Here, we present experimental densities ρ from 293.15 K to 313.15 K at 5 K intervals and refractive indices n at 298.15 K and local atmospheric pressure ~ 950 hPa for the ethanol + benzene and ethanol + pyridine mixtures covering the entire mole fraction range. The related properties, excess molar volumes (V^E), and deviations in molar refractivity (ΔR) were derived from experimental data. The V^E and ΔR data were then fitted by the Redlich–Kister polynomial [14] to determine the adjustable fitting parameters and the standard deviations. The results have been interpreted in terms of molecular interactions between the components of the mixture and structural effects.
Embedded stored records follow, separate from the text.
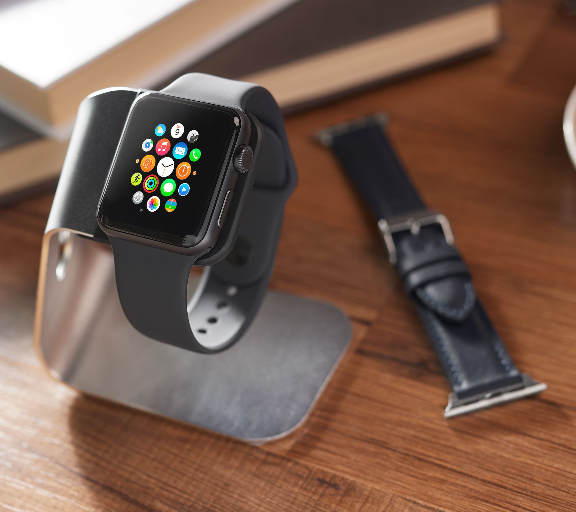 Personalize your look with the included leather strap, and boost your juice with the aluminum charging stand.
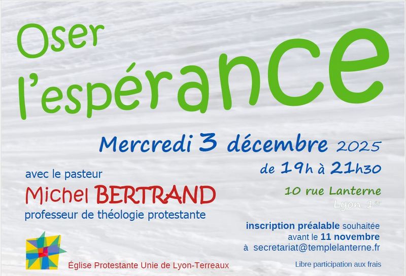 « Oser l’espérance », tel est le thème de la conférence que nous proposons pour le mercredi 3 décembre à 19h, une façon de vivre le temps de l’Avent sous le signe de l’espérance.
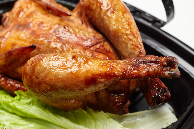 一大早,到菜市場(chǎng)趕早市的人們聞著烤雞香味,紛紛來(lái)到店內(nèi),得知烤雞未烤制好,立馬預(yù)定。

A review of published literature revealed that some thermophysical properties of the investigated mixtures had been reported [10, 13, 15,16,17,18,19,20,21,22]. For the system ethanol + benzene, Šerbanović et al. [10] and Gonzalez-Olmos et al. [13] have reported ρ and V^E data in the temperature range covered in this work. The obtained results are in good agreement with literature values in the region of overlap. Other reports on ρ and/or V^E are available: for ethanol + benzene system at 288.15 K and 323.15 K [21], 298.15 K [15, 17, 18, 21, 23], 303.15 K [24]; for ethanol + pyridine system at 298.15 [16, 19], 308.15 K [22]. A combined study on ρ and n (and their derived properties V^E and ΔR, respectively) at 298.15 K has also been reported for the investigated systems [15, 16]. Recently, Dikio et al. [20] have published ρ and V^E data for the ethanol + pyridine system in the temperature range from 293.15 K to 323.15 K at 10 K intervals. A detailed inspection revealed that the accuracy of the results of Dikio et al., as they compare to the published data and the results of the present study, cannot be guaranteed. Furthermore, in the present study, we used purer reagents and have investigated the influence of temperature on these systems by using apparatuses with better temperature stability than Dikio et al.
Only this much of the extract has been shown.